YOUR ASSIGNMENT:
No pictures, please. Output the lines from the start of the data through the line that contains "Коробка состоит из", both included, exactly as they stand.

RECORDED DATA:
....................
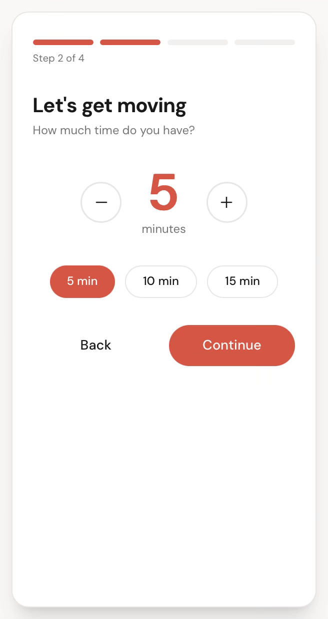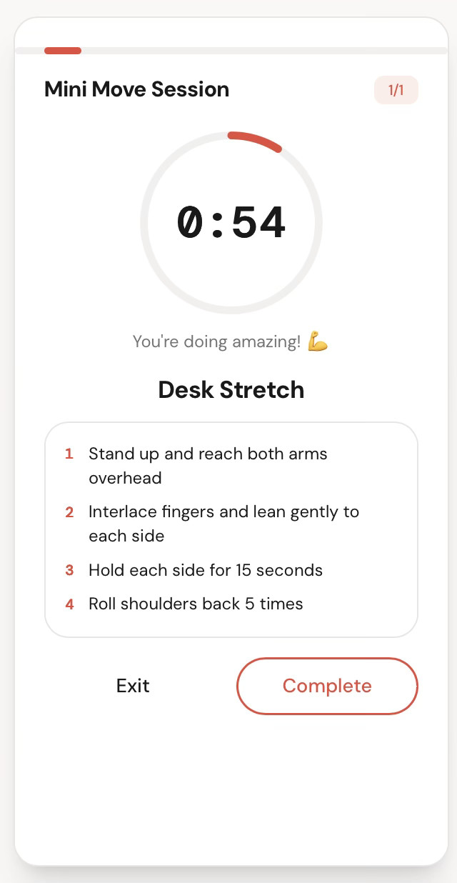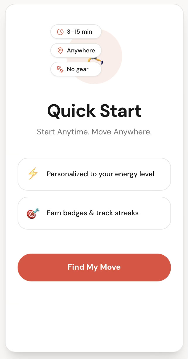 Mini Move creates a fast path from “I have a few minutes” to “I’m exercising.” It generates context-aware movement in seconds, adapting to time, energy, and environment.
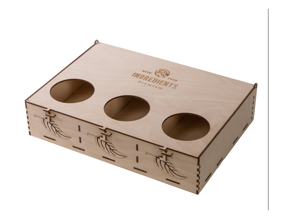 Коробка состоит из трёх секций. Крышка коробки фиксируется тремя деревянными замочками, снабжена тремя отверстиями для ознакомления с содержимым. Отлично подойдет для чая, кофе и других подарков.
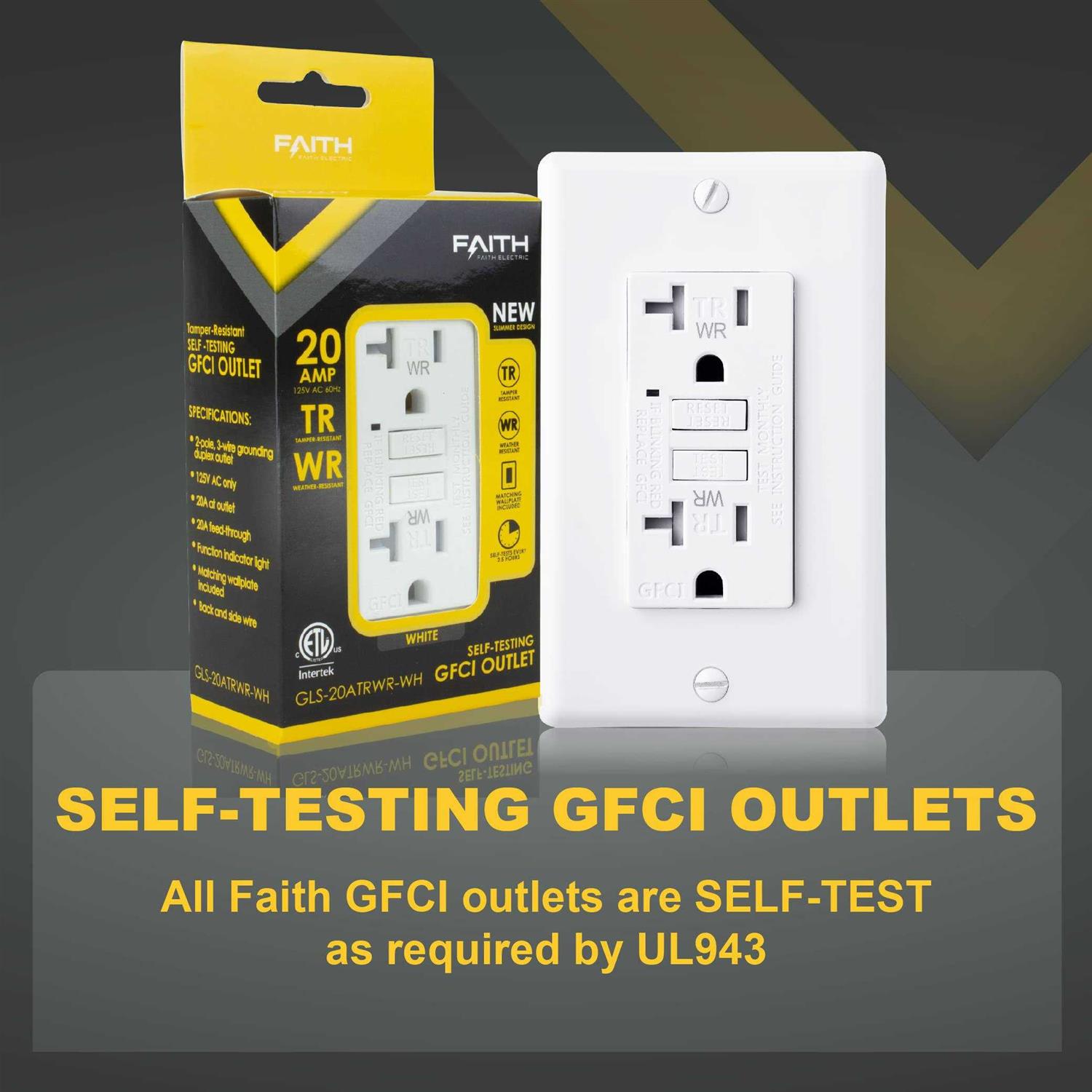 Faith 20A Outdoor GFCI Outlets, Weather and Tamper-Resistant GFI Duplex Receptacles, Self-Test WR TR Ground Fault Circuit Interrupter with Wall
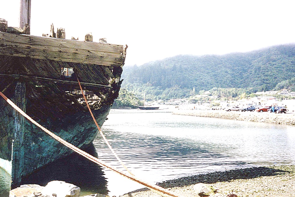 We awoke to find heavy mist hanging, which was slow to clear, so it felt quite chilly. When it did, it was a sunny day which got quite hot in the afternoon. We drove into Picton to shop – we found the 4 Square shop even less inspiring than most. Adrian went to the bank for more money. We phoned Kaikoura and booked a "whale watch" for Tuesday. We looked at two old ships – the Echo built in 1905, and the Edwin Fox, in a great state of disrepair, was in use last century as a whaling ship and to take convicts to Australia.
....................
RESULT BELOW:
 Mini Move creates a fast path from “I have a few minutes” to “I’m exercising.” It generates context-aware movement in seconds, adapting to time, energy, and environment.
 Коробка состоит из трёх секций. Крышка коробки фиксируется тремя деревянными замочками, снабжена тремя отверстиями для ознакомления с содержимым. Отлично подойдет для чая, кофе и других подарков.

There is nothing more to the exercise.